Here's a 350 word explanation of the premise behind Assured Federated Records Management. I am working on a longer, more explicit description.
The promise of federated records management is the ability to manage all of the records in your enterprise from within a single system, BUT, Federated Records Management solutions are destined to fail for one primary reason…
In a federated environment the master records system needs to make content in the remote systems immutable. In 95% of cases, the remote systems do not support the ability for an external system to make their content immutable, in fact most of them do not even understand the concept of immutability – take the ubiquitous file system for example. The net result is that while the master records system thinks it has made the remote content immutable there is often nothing to stop a privileged user from changing or deleting that content – without your knowledge. You are potentially losing records and you have no way of knowing that it happened – the courts are very unsympathetic if a company cannot show that they are retaining records across all systems.

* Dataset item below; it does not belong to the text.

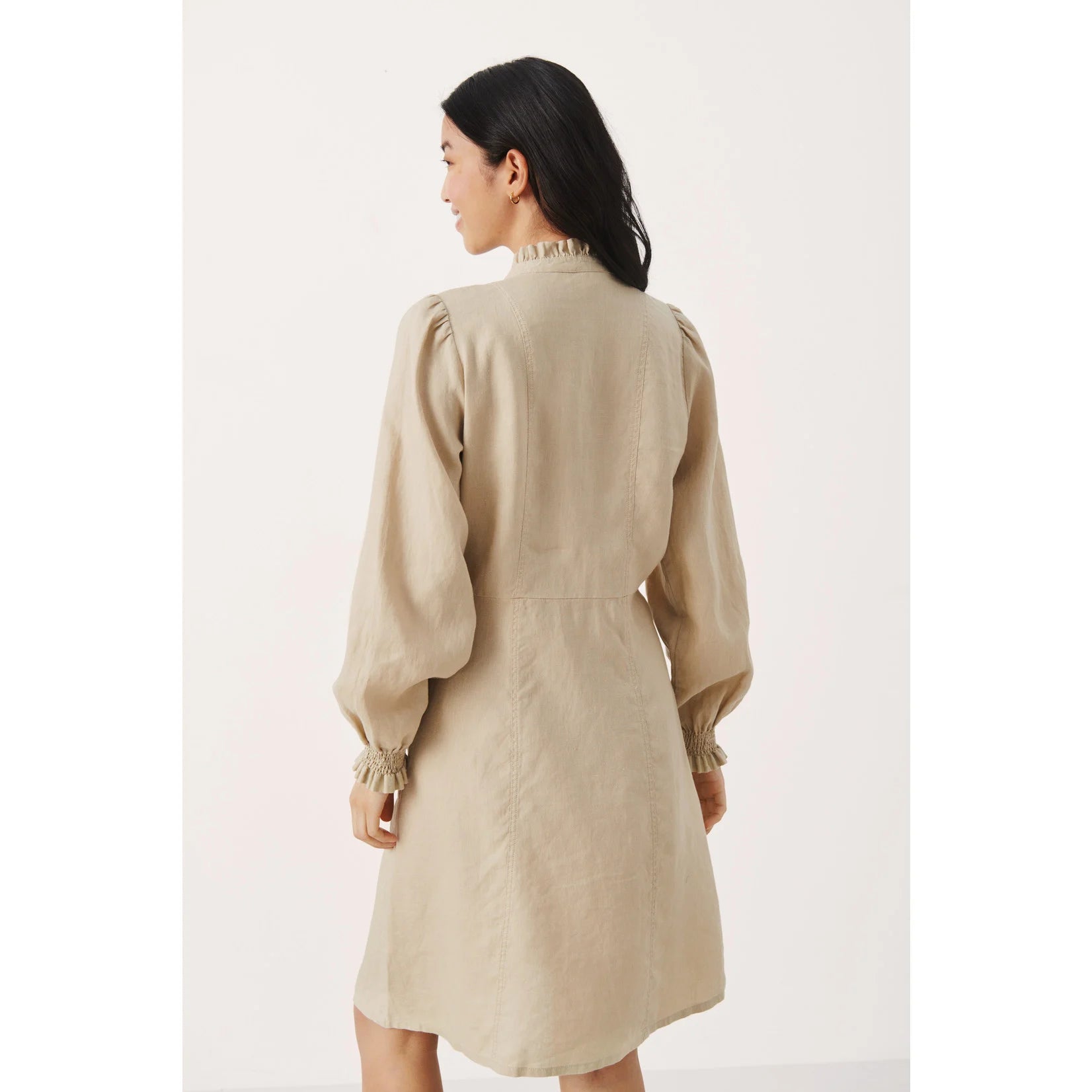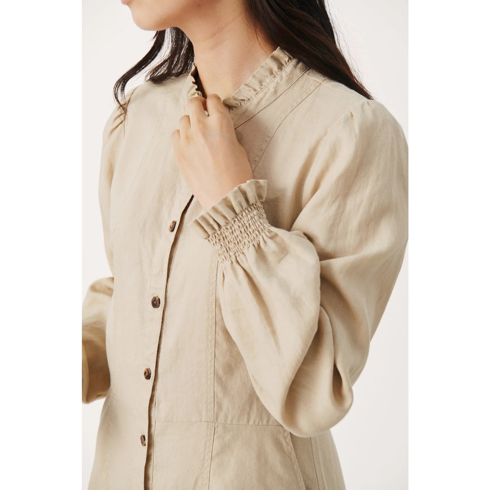 This button-up dress has smocked sleeve cuffs + ruffle detailing.

The “FRM Assurance Integrity” engine accepts these inherent problems as being unavoidable. The engine runs as a background process and periodically checks the integrity of the objects in the remote systems. It is able to tell whether the remote content has been changed or deleted and notify the appropriate parties. How does this knowledge help us? We get a chance to discover and deal with the root cause – was it the intentional destruction of records, a rogue process or an over zealous system admin? We can then stop the problem re-occurring and restore records from backup if necessary. More importantly we have a rolling audit trail that shows auditors or the courts that our federated systems are working correctly.
An additional benefit of the integrity assurance engine is the ability to use not just technology for your federated records solution; you can also use manual processes. You can now use training and change control processes to stop people from changing records in systems and then reply on the assurance engine to monitor adherence to those policies.